How To Do An At-Home Insemination, According To Science
Our bodies, while complex and amazing, are really built to reproduce, and technically, the sperm and egg actually don't need a lot of convincing to get to work. But, as many couples know, there are plenty of obstacles that can stand in your way of making it happen. Thanks to science, there are several ways to get pregnant now, including insemination, but what if the idea of hanging out in stirrups in a cold office sounds like a bad time? If you're looking to become a parent unconventionally, you're probably wondering how to do an at-home insemination. Does it really just include a turkey baster and some good luck like the jokes say?
There are so many reasons someone may choose to be inseminated, but in the end, it's down to the simplest of desires: to become a parent. Generally, becoming a parent means little more than some well-timed sex and possibly a bottle or two of wine. However, that's not so much the case, anymore. In the era of in-vitro fertilization (shoutout to my reproductive endocrinologist — thanks, Dr. Grifo) and celebrity surrogacy, at-home insemination seems a much more comfortable route to parenthood if you can swing it. After all, you're more comfortable in your own environment, you have control over when it happens, and perhaps most importantly, it costs far, far less than traditional in-office inseminations.
There are a few things to consider before you get started on your journey to parenthood though, and the first among them is determining if you're healthy enough to carry a pregnancy. According to the March of Dimes, you should get a full workup before deciding to become pregnant. It should include blood work, a physical examination, and pap smear. They'll also give you any vaccinations you may need boosters for, check your folic acid levels, and discuss your lifestyle to make sure it's compatible with pregnancy. Do you smoke? How much do you weigh? Do you exercise regularly? All of that will be evaluated in detail. They will also make sure you're taking a prenatal vitamin even before you conceive.

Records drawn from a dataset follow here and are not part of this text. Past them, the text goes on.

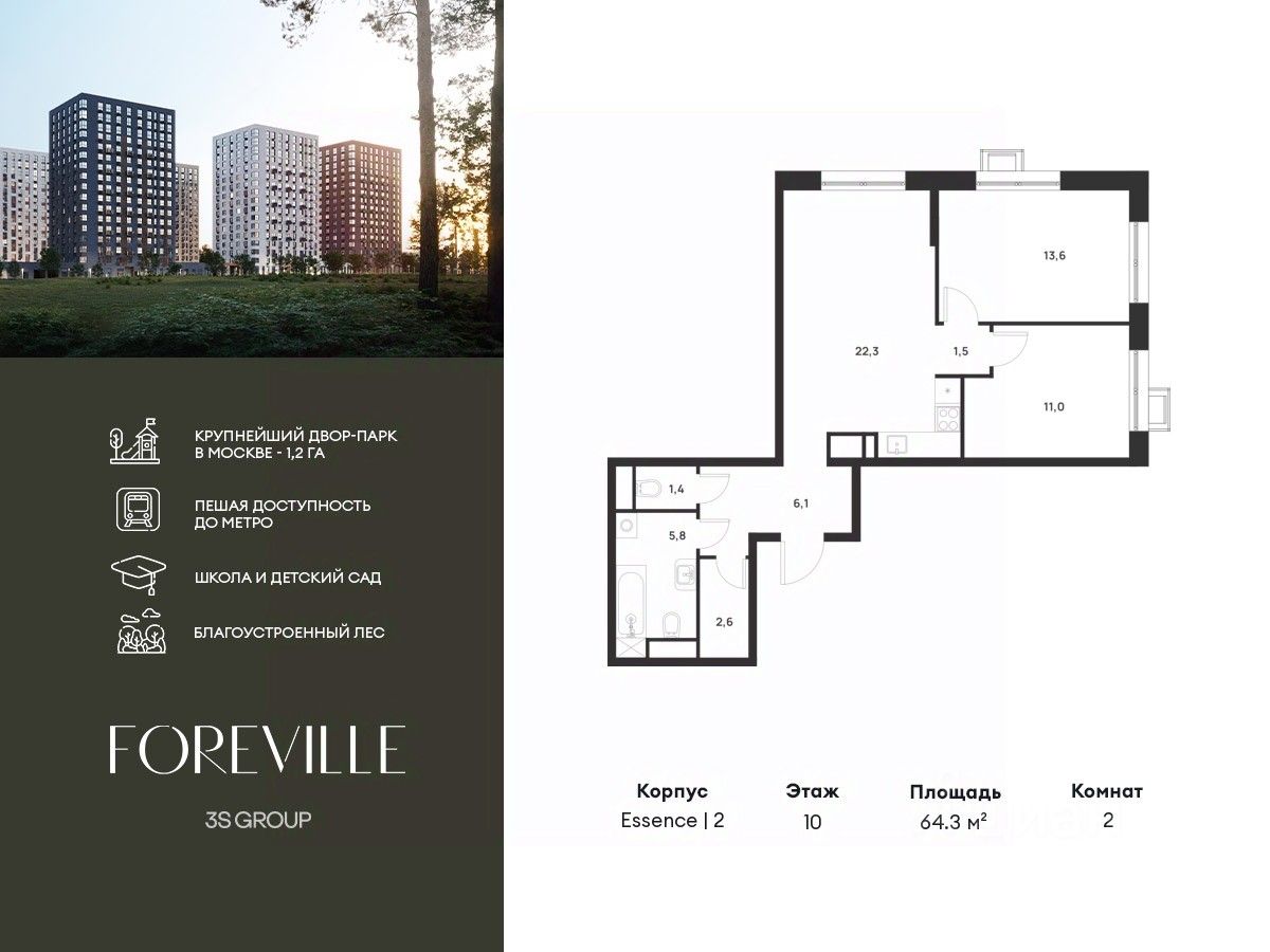Предчистовая отделка в подарок! Пешая доступность от метро и московская прописка! Продается уютная 2-комн. квартира площадью 64,3 кв.м на 10 этаже 17 этажного жилого комплекса бизнес-класса Foreville от 3S Group.
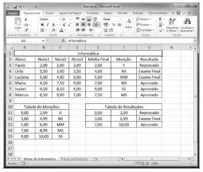 Os resultados apresentados nas células do segmento de coluna de F3 a F8 podem ter sido obtidos mediante a execução da seguinte sequência de operações: selecionar a região F3:F8 (deixando a célula F3 ativa); digitar a fórmula =PROCV(E3;$A$11:$C$15;3;FALSO); pressionar e manter pressionada a tecla
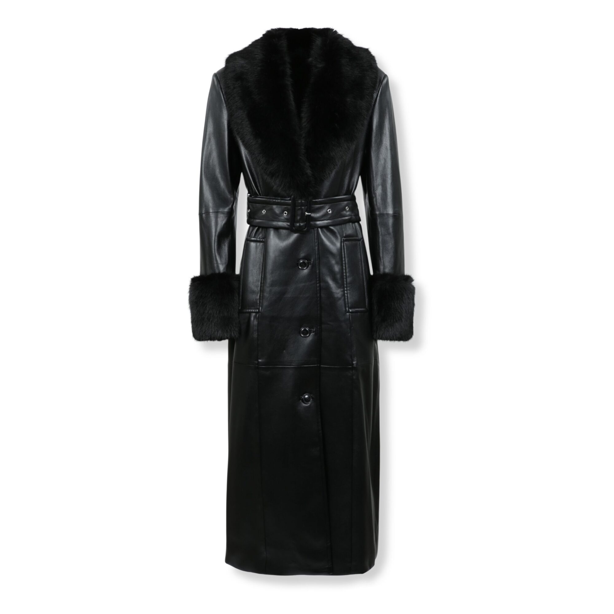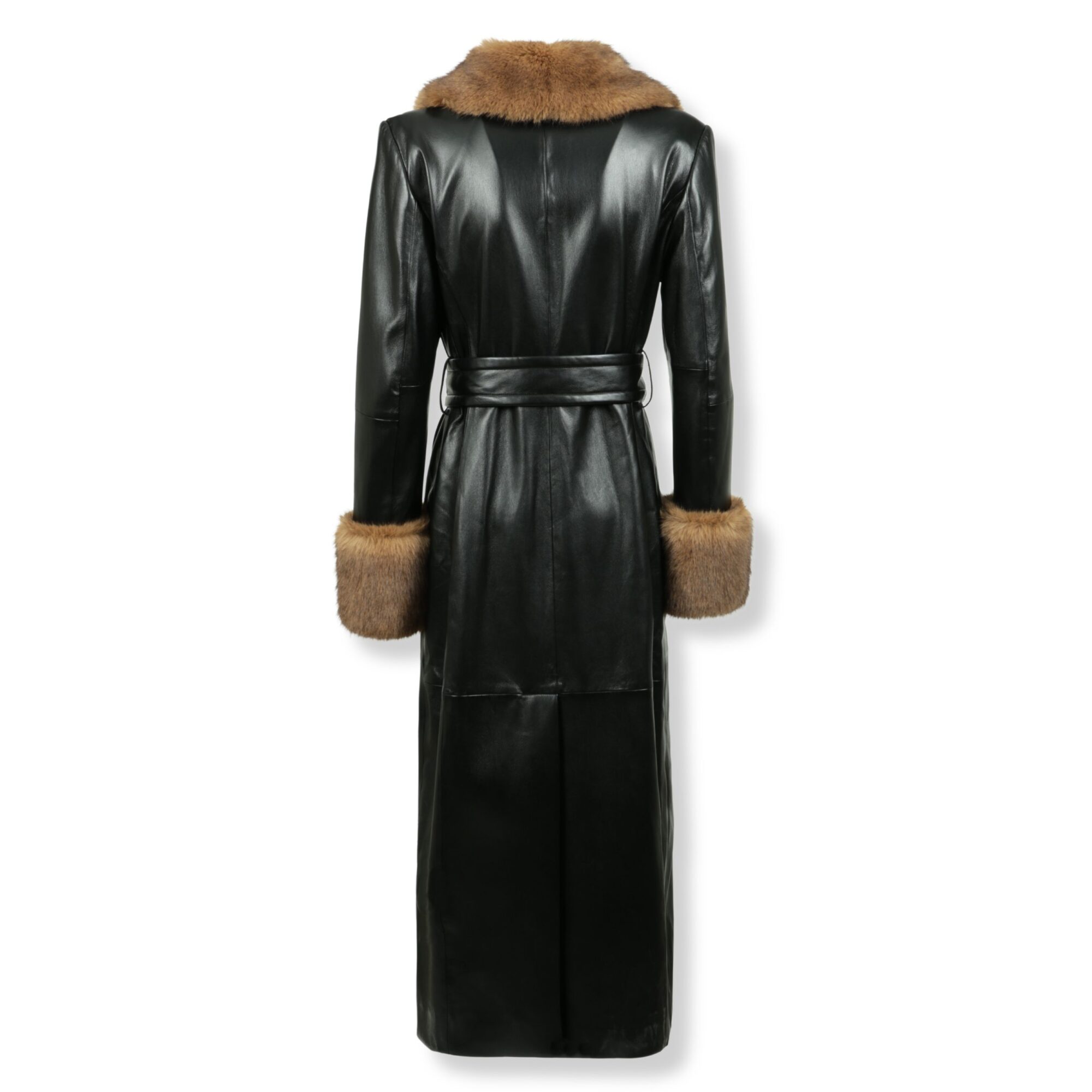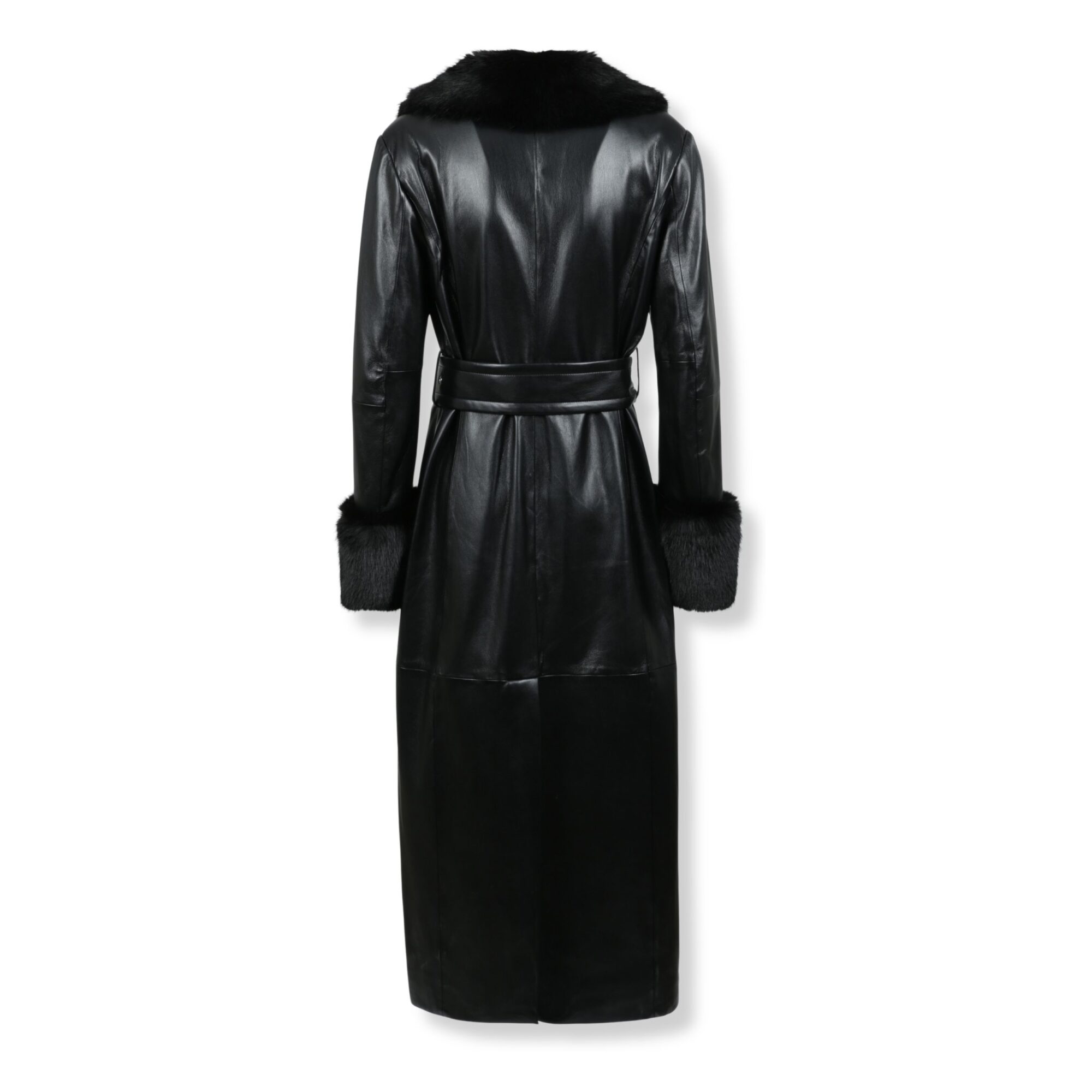 Estella Coat Stand Studio. Linea dritta e lunga, in pelle, con collo a scialle e polsini in pelliccia. Bottoni tono su tono e cintura abbinata, con tasche a filetto frontali.
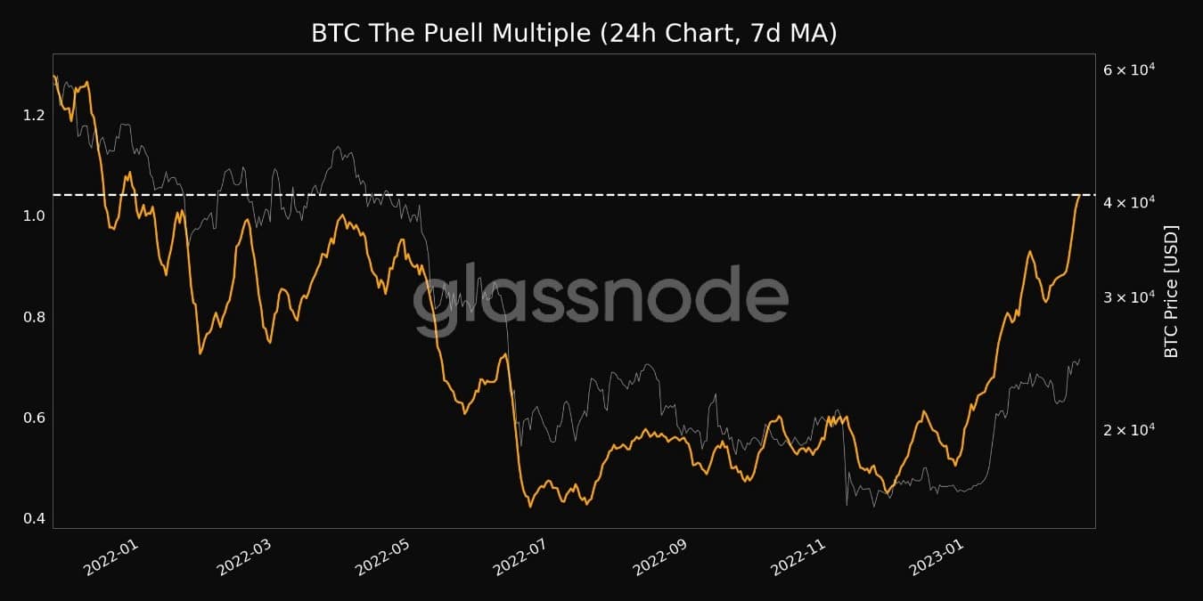 Dicho indicador acaba de llegar a su nivel más alto en 13 meses, según datos de la firma de análisis Glassnode. En su cuenta de alertas en Twitter, la empresa señala que el Múltiplo de Puell se sitúa en 1,041 por primera vez desde enero del año pasado.
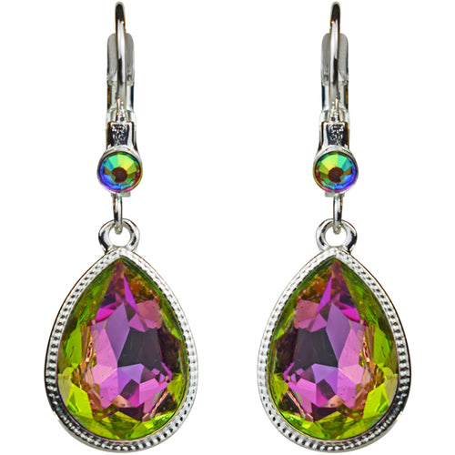 Crystal Mystic Teardrop Leverback Earrings (Sterling Silvertone/Iridis Pink)
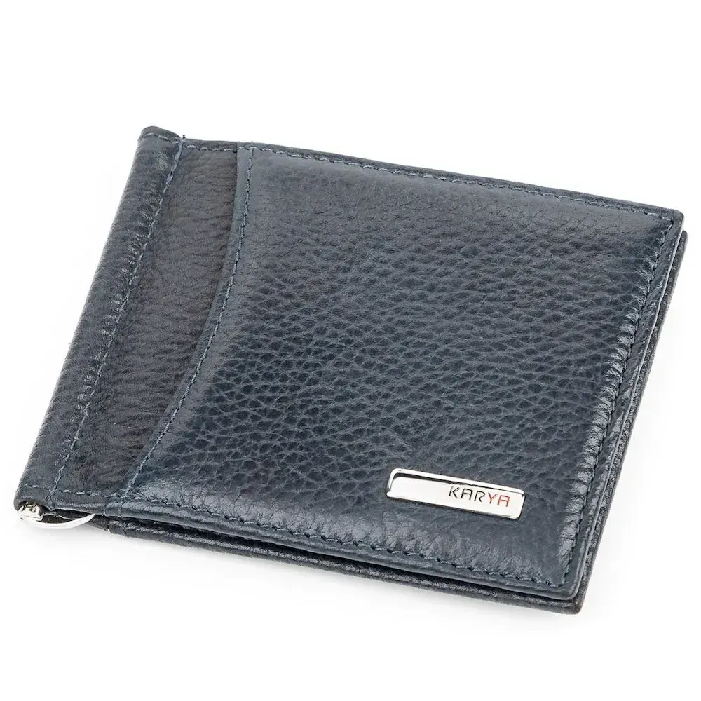 Затискач чоловічий KARYA 17085 шкіряний Синій
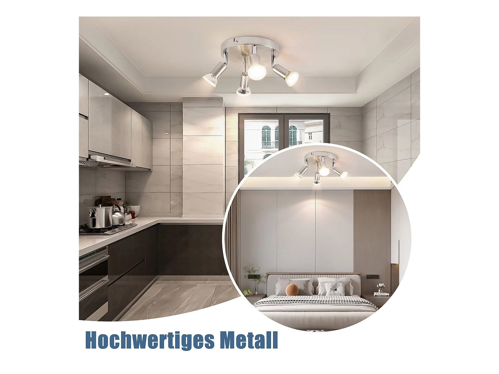 NETTLIFE Opbouwspot - rond - 4-Lichts - GU10 Fitting - nikkel - Moderne Plafondlamp - Plafondspot - voor Hal | Slaafkamer | Kantoor | Woonkamer - Zonder Lichtborn
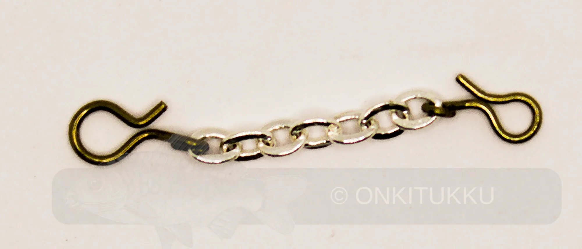 Pilkkiketju kahdella perholukolla. Pakkauksessa kaksi pilkkiketjua. Pituus noin 2 cmLenkkien määrä: 7 kplPerholukkoje…
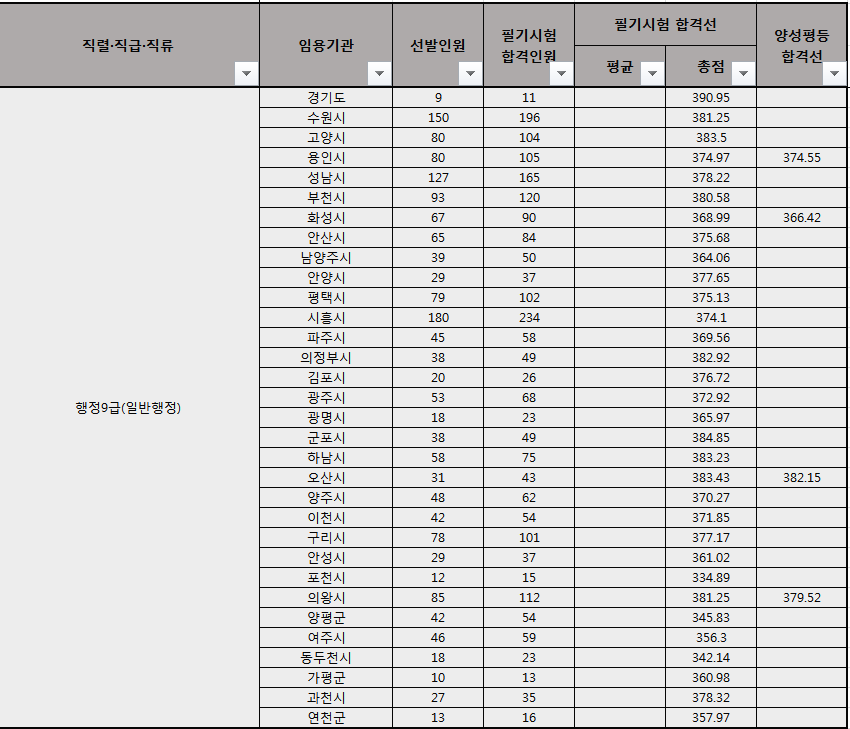 합격자발표(공개경쟁임용) | 합격자 발표 | 공개 경쟁임용 | 공무원 임용시험 | 뉴스 | 경기도청
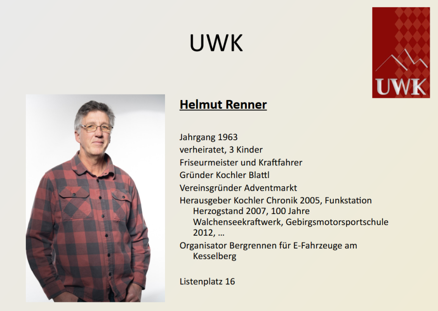 Mehr UWK heißt mehr gute Entscheidungen für uns alle. Bei der kommenden Kommunalwahl am 8. März 2026 tritt die UWK mit einer Liste aus 16 engagierten Bürgerinnen und Bürgern an. 4 Kandidatinnen und
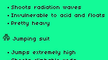 New spacesuits: Radioactive suit! Slowest and clunkiest but has arguably the most powerful weapon: radiation itself. Damages not by shooting projectiles, but sl...
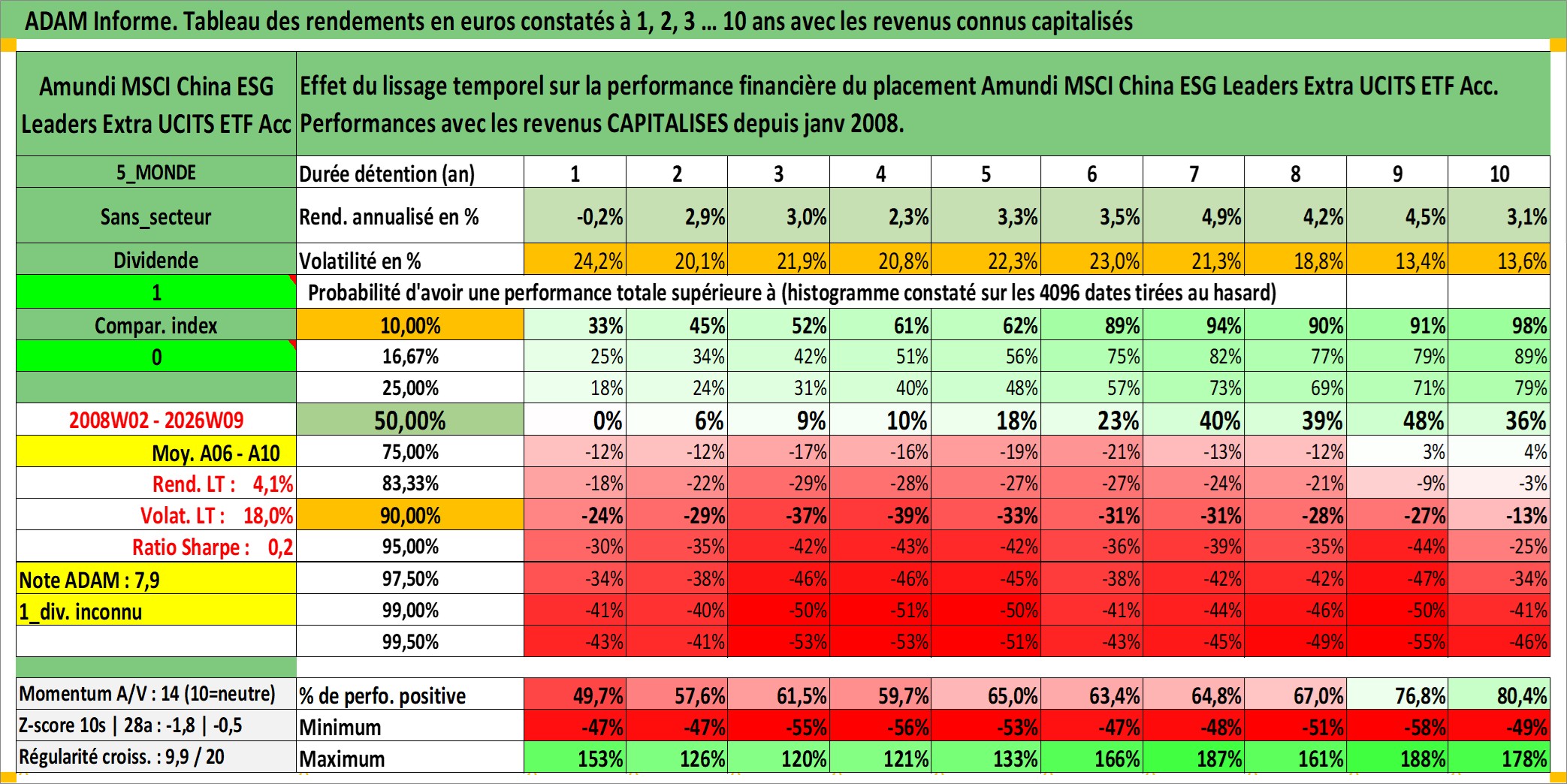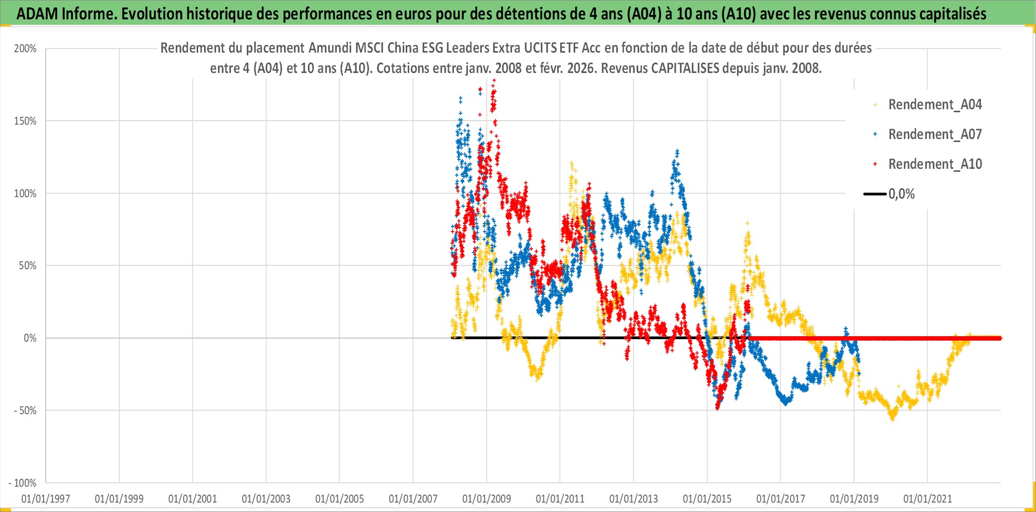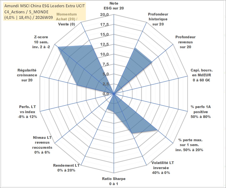 Site dédié aux investisseursPage dédiée sur site financeAnalyse des valorisations hebdomadaires du fonds Amundi MSCI China ESG Leaders Extra UCITS ETF Acc. Cet actif est cote en USD. Les valorisations sont en contrevaleur EURO et couvrent les semaines 2008W02 a 2026W09. Les revenus de cet actif financier sont pris en compte depuis la semaine 2008W02. La note ESG de cet actif n'est pas connue.

Next up: find a donor. If you don't have a partner, a friend, or someone else in mind, there are resources. You could go to your local sperm bank and do a little DNA shopping, but that can be very costly — around $700 per cycle, according to the Sperm Bank of California.
There are alternatives to traditional sperm banks or asking a friend, though. Pride Angel is a service that spans several countries, including the U.S., and works with sperm donors who are willing to donate their DNA for free. The service itself is not free, but it is more affordable than several increments of nearly a thousand dollars. Also, they do the legal legwork for you, which is my next point.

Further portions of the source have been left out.